U.S. Magistrate Judge Michael Merz ruled Ohio's plans to use a new three-drug cocktail to deliver the lethal injection that would kill Phillips is unconstitutional, a victory for opponents of capital punishment who've successfully out-maneuvered states where lethal injection is the form of execution by denying access to lethal drugs previously used because pharmaceutical and chemical companies won't sell them for the purposes of executions.
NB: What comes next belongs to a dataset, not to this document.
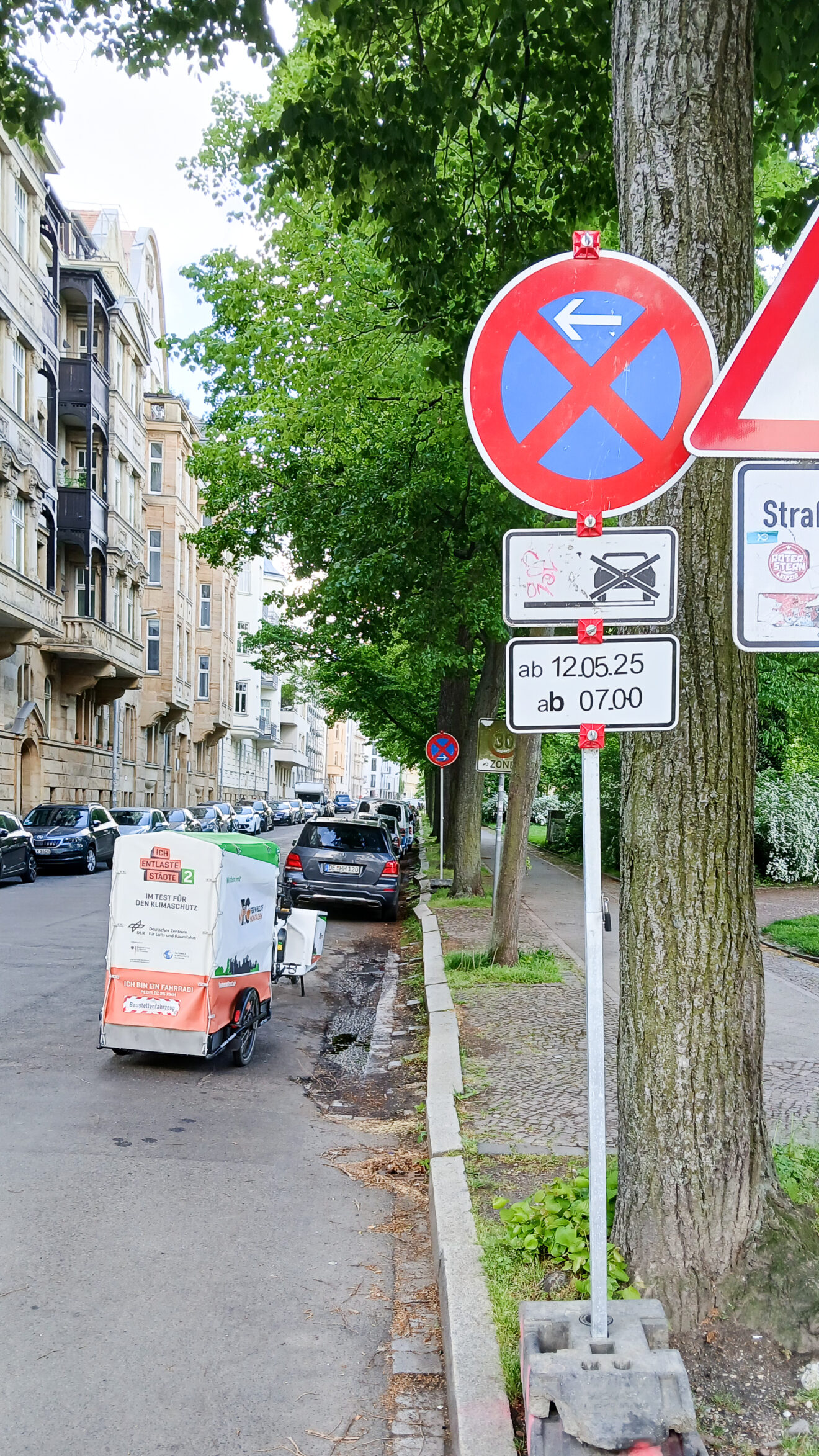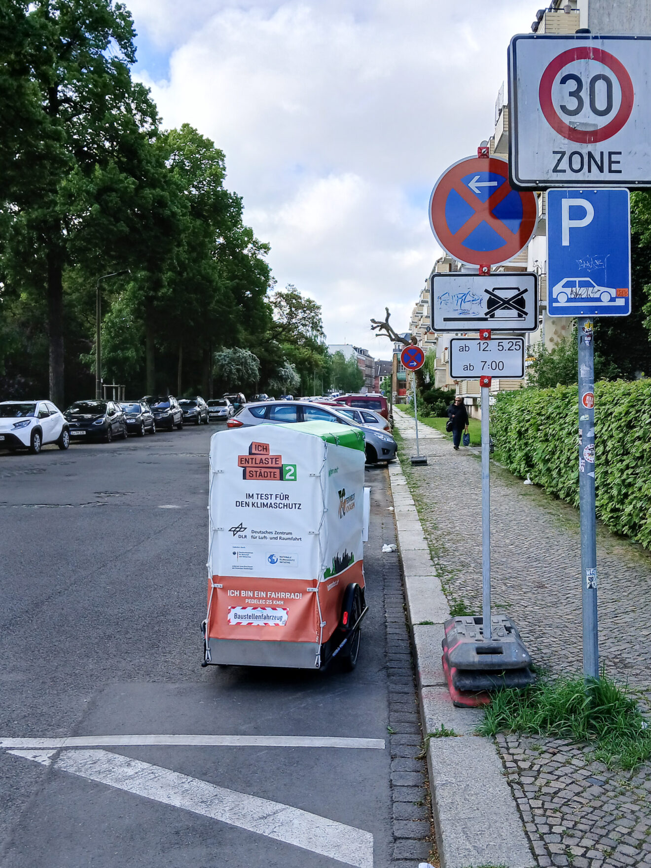 Bisher stellten Tiefbau-Fachkräfte nebenbei die Schilder auf – und das stets an einer zweiten Baustelle, da die Beschilderung 3 Tage vor Baubeginn aufgestellt werden muss. Das bedeutete Umwege zwischen Baustellenbesuchen und damit verlorene Arbeitszeit. Mit dem Lastenrad-Gespann übernimmt ein Minijobber gezielt diese Aufgabe. Dadurch haben die Fachkräfte mehr Zeit für ihre eigentlichen Aufgaben.
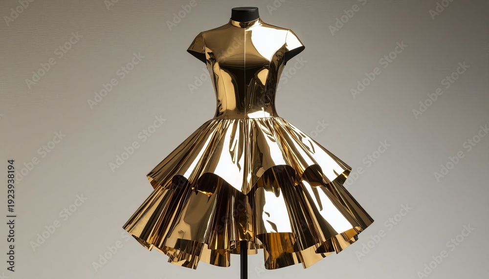 The display features a shiny gold dress on a mannequin. This striking gold dress has a flared skirt and a high collar, showcasing its metallic fabric. #1923938194

Phillips has been on Death Row for over a generation for raping his then-girlfriend's three year old daughter; Sheila Marie Evans died weeks later from the severe injuries. He had been scheduled for execution in the Death Chamber at the Ohio Correctional Insitution in Lucasville in January, but appeals put that schedule on hold until a scheduled February 15th date. Now that schedule is also on hold.

Ironically, the ruling by Judge Merz came almost to the day of the anniversday of the death of Evans on January 18, 1993.

Lawyers for Phillips and two other inmates argued before Merz that the use of a sedative, midazolam, couldn't meet a U.S. Supreme Court threshold of not causing "serious harm." Merz also barred the use of the two other drugs, rocuronium bromide and potassium chloride, ruling the State was not consistent in his offerings in the past on the new lethal cocktail as an alternative. The first two chemicals sedate and paralyze the inmate, while the potassium chloride stops the heart.